Here, I print only the top 3 outputs:

similarity_score=0.858,
2022 FIFA World Cup

The 2022 FIFA World Cup was the 22nd FIFA World Cup, the quadrennial world 
championship for national football teams organized by FIFA. It took place in 
Qatar from 20 November to 1…

similarity_score=0.856,
2022 FIFA World Cup seeding

Personnel involved

The 32 nations involved in the 2022 World Cup (29 of which were known) were drawn
into eight groups of four. Two of the remaining three spots were fill…

similarity_score=0.855,
2022 FIFA World Cup final

Background

Argentina had won the World Cup twice before, in 1978 and 1986. They had also 
finished as losing finalists thrice, in 1930, 1990 and 2014. After the 2014 final l…

Prompt preparation

We will send in the OpenAI API, the whole relevant sources to our question:

We will use the similarity function that we just built, to get the most relevant inputs (top 10 for example) to our question.
We will build a message text to incorporate this context
We will check also the number of tokens to send using Tiktoken library

def num_tokens(text: str, model: str = "gpt-3.5-turbo") -> int:
    """Return the number of tokens in a string."""
    encoding = tiktoken.encoding_for_model(model)
    return len(encoding.encode(text))

def message_preparation(
    query: str,
    df: pd.DataFrame,
    token_budget: int,
    model: str,
    top_n: int = 10
) -> str:
    """Return an organized message to ask to GPT, with relevant inputs text pulled from the corpus 'df'."""
    similarity_score, inputs_string = similarity_score_top_inputs(query, df, top_n)
   
    question = f"\n\nQuestion: {query}"

    introduction = 'Use the below articles from Wikipedia to answer the question. If the answer cannot be found in the articles, write "I could not find an answer."'
    message = introduction + '\n\nWikipedia article section:\n'
   
    for input_str in inputs_string:
        next_article = f'"""\n{input_str}\n"""\n'
        whole_message = message + next_article + question
        if (
            num_tokens(whole_message, model=model)
            > token_budget
        ):
            break
        else:
            message += next_article
    return message + question

Here is how the prompt will look like for our question “Who is the winner of world cup 2022?” by returning the top 3 relevant inputs from our corpus:

query = "Who is the winner of the World Cup 2022?"
print(message_preparation(query, df, token_budget=4096, model='gpt-3.5-turbo', top_n=3))

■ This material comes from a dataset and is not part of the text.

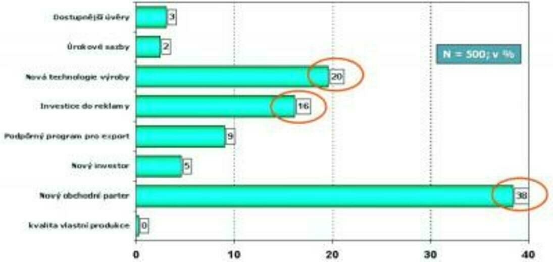Exportérům nejvíce pomohlo v posledních 12 měsících získání nových obchodních partnerů v zahraničí (38 %, podzim 2008 36 %), technologické inovace (20 %, podzim 2008 18 %), investice do reklamy (16 %, podzim 2008 11 %) a podpůrné programy pro export (9 %, podzim 2008 7%).

Before asking GPT-3.5-Turbo model by giving the detailed context that we just built, let’s try asking using the standard way we already know:

Ask ChatGPT, GPT-3.5-Turbo model, without context

messages = [
        {"role": "user", "content": 'Who is the winner of world cup 2022?'},
]
response = openai.ChatCompletion.create(
        model="gpt-3.5-turbo",
        messages=messages,
        temperature=0
    )
response_message = response["choices"][0]["message"]["content"]
response_message

This is what it would appear like if I had not taken into account the context in my message and had relied solely on the data that the model was trained on up until September 2021:

As an AI language model, I do not have the ability to predict future events. 
Therefore, I cannot provide an answer to this question.